Student loan defaults should not be disclosed to credit reporting agencies until September 30, 2024, per the Department of Education’s request. Yet, handling several debts puts these borrowers at a higher risk of default.
With a 0% introductory balance transfer card, you can find relief from interest payments if you have credit card debt. Examine your credit card interest rates and annual fees to see if moving a balance could provide you some breathing room, according to Holtam.

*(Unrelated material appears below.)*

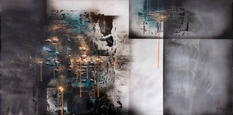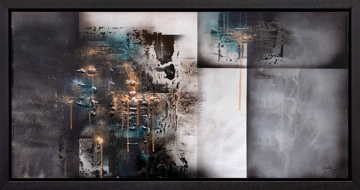 Having begun her career indulging in strong abstract pieces, dripping with colour and energy – her now signature move towards 3D elements began in 2006. The handmade elements that include glass, diamond dust, Swarovski crystals and finished by the artist herself in resin have become a much-loved fixture within her work.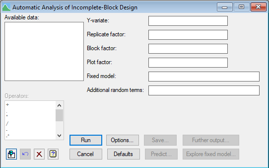 Select menu: Stats | Mixed Models (REML) | Automatic Analyses | Incomplete-Block Design

With a balance transfer card, you can pay off your debt over time without having to pay interest on the outstanding balance. By doing this, you might be able to reduce your monthly payment and apply part of the money you save to your student loan repayment or savings objectives.
But be careful when using a balance transfer deal; if you can’t pay off your debt before the intro period expires, interest will start to rise at the standard APR.
You might think about a debt consolidation loan instead of a balance transfer offer since the latter may have less stringent credit standards. Be sure to carefully consider the prices and conditions before choosing any consolidation option.
Even though it’s more difficult than it sounds to save money and pay off debt at the same time, it is feasible. It’s important to strike the appropriate balance so that your savings don’t come at the expense of your debt or vice versa. A high-yield savings account can help you grow your money a little faster if you can easily pay off your student loans and save some money each month.
Focus on finding ways to lower your monthly student loan payment by looking at IDR plans or getting in touch with your loan servicer if you are unable to save money and pay off your debt. When you have more room in your budget, you may then turn more of your attention to saving objectives.